Chakrabarty 2000 ; Spaëth, 2014), une telle hypothèse induit que le souci d’historicisation (Bourdieu, 1998 ; Hartog, 2003) est ce qui fait défaut à l’intervention didactique en Angola jusqu’à aujourd’hui. Historiciser la question linguistique et l’évolution de l’enseignement des langues en Angola implique dès lors d’élaborer un cadre historique pour contextualiser les textes, les propos et les faits relatifs à ces deux aspects. Un tel cadre, fondé sur une synthèse critique des études pluridisciplinaires existantes dans nos trois langues de travail (le français, l’anglais et le portugais) tout autant que sur une analyse de corpus des textes officiels relatifs aux langues et à l’éducation (Benveniste, 1966, 1974 ; Dufour, 2010 ; Auger, 2011 ; Auger et Verdelhan-Bourgade, 2011 ; Jones, Scollon R. et Scollon S. W., 2012), est un outil pour contribuer à dégager de nouveaux éléments de compréhension du contexte contemporain et de la (les) culture(s) éducative(s) dominante(s).

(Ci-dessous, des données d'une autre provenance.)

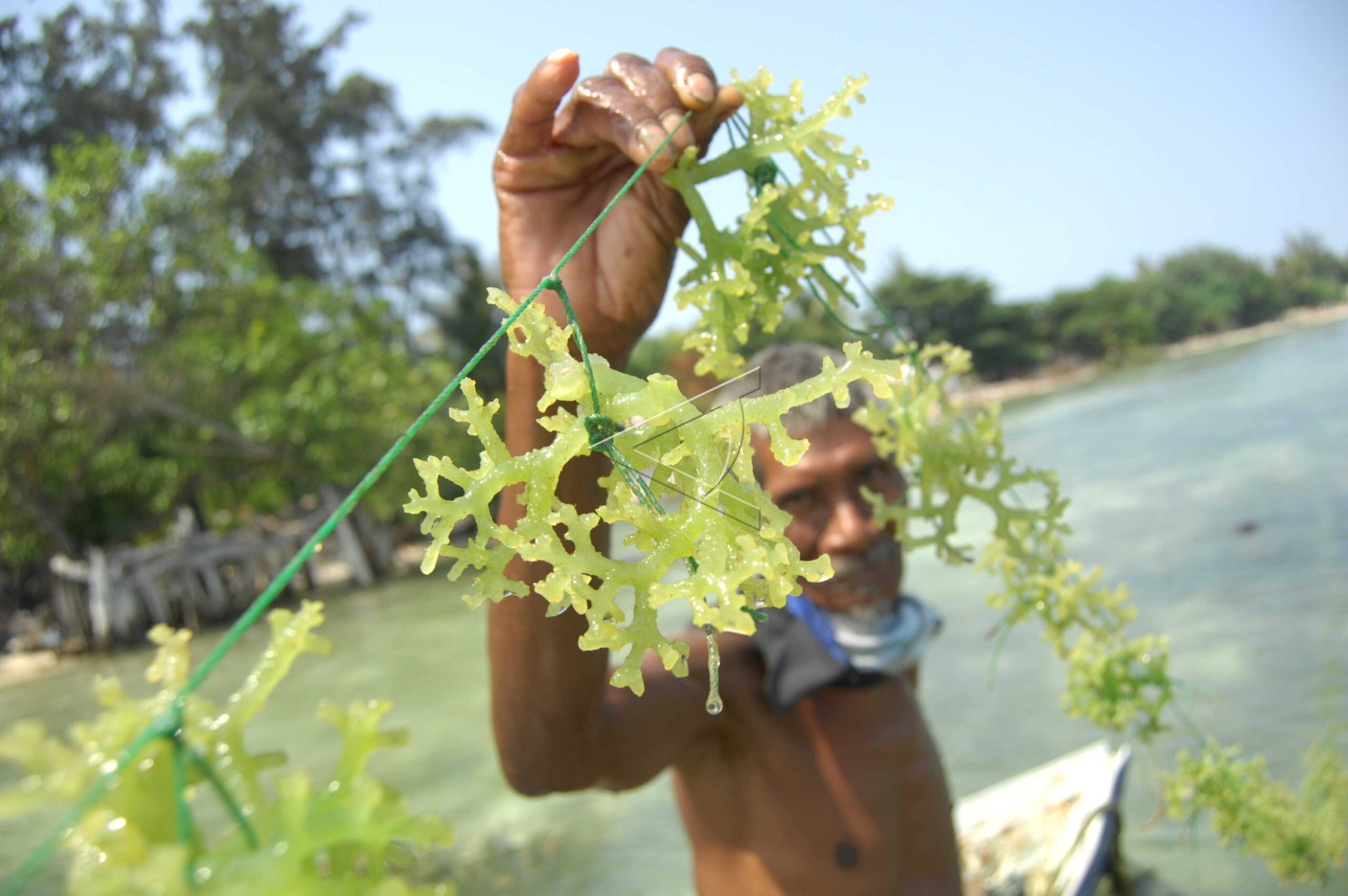 Seorang warga pulau Tidung menunjukkan rumput laut di kawasan Pantai Pulau Tidung, Kepulauan Seribu, Jakarta, Selasa (21/8/2012). ANTARA FOTO/Ardiansyah Indra Kumala./ama/dw/12.

Notre deuxième hypothèse est que l’articulation des données historiques et de l’analyse d’un corpus constitué de supports produits à des moments clé de l’histoire angolaise peut également permettre de dégager des traces ou encore des éléments de compréhension de l’évolution des pratiques enseignantes (Salon, 1981 ; Bancel et Blanchard, 2006 ; Hatzky, 2012).

Un de nos objectifs de recherche est donc de pouvoir proposer des moyens d’améliorer l’enseignement / apprentissage des langues en Angola. Pour ce faire, il convient de dresser un cadre historique qui ne soit pas simplement un élément d’introduction au contexte d’étude mais bien une base solide pour appréhender les problématiques sociales contemporaines en relation avec l’usage des langues dans l’éducation publique en Angola. Le but est également de proposer de nouvelles pistes de réflexion concernant l’agir professoral contemporain pour dégager des recommandations

pour l’ingénierie de formation des enseignants de langues. Enfin, un cadre historique centré sur la question linguistique n’étant à ce jour pas disponible, celui dressé dans cette thèse constitue une contribution significative pour d’autres chercheurs.